Sunday, January 23, 2005

Awesome

(This flight was dedicated to my little green buddy).

We went back to Mount Emu today. Kevin's flat tire was the only vehicle problem I heard about today. The wind was very light and some cummies were forming. Since I did so poorly yesterday, I was way back in the launch order. I wanted to get into the air early so I signed up for the alternate pre-launch. I was the 6th pilot to launch. (Dean was 4th).

I wasn't sure that launch early was a good idea at first. The several pilots in front of me had marginal launches and were just barely hanging on slightly below launch level. By the time I launched several pilots were slightly above launch so I decided to go. I had a good no wind launch and managed to climb to cloudbase right over launch. (I saw one blown launch as I circle overhead).

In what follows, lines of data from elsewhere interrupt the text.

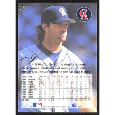 This is a 1993 Flair Chuck Finley baseball card. The card is #174 and pictures show condition.
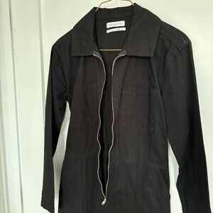 Black 100% cotton jumpsuit. Front zipper. 2 chest pockets and 2 waist pockets. Elastic in back of waist band.
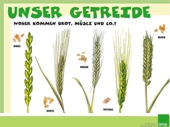 Schlagworte: i.m.a. e.V., Getreidearten, Getreide, Weizen, Gerste, Hafer, Roggen, Dinkel, Triticale, Mais, Anbau, Ernte, Brot, Mehl, i.m.a e.V., Landwirtschaft

Since I was so early and climbed out so quickly I had the sky to myself. I flew from cloud to cloud down the ridge to the start gate and arrived about 50 minutes early. Since I was at cloudbase by myself with nothing to do for almost an hour I did some wangs and "almost loops" to keep myself entertained. (I didn't do any full loops since the air had some mild texture). Playtime ended when the rest of the field started showing up. I was soon playing hide-n-seek with the other gliders at the edges of the clouds as we all waited for the start gate to open. Someone was flying around with their feet on the basebar, others were doing loops and wangs, while others explored the "white room". Since the start gates were 30 minutes apart, almost everyone took the first start.

The first turnpoint was on the other side of the mountain valley near a gap in the mountain chain. I was with the lead gaggle until I took a bad line near the first turnpoint and then missed a good climb a few moments later. I almost followed a gaggle across the gap until I noticed they were falling like bricks from an airplane. I stayed on the other side of the valley even though it was further off course line. I was rewarded with a better glide and climb before crossing the next parallel large valley. I could have written this note on that glide; it was long and smooth. I was low by the time I reached the other side but found some strong but broken lift that slowly got me back up.

I had to wait until some late arriving pilots left that thermal so I could "water the countryside". (I should have taken care of business before launching!) Once back on track I made a long glide to the next turnpoint that was behind Mount Buffalo. After snagging the turnpoint I dove at a huge rock wall. I knew there should be something there and it was. The glide towards the wall was sucking my glider in every direction until I hit a rowdy screamer to cloudbase at 900fpm. I eeked my way slowly towards the 3rd turnpoint. From there I cruised into the goal from 22k out at 55 - 60 mph along the ridge top.

The scenery on this task was just simply awesome. I wished I had a video running during the flight. Every XC hang gliding pilot deserves a trip like the one we had today. Simply too cool to describe.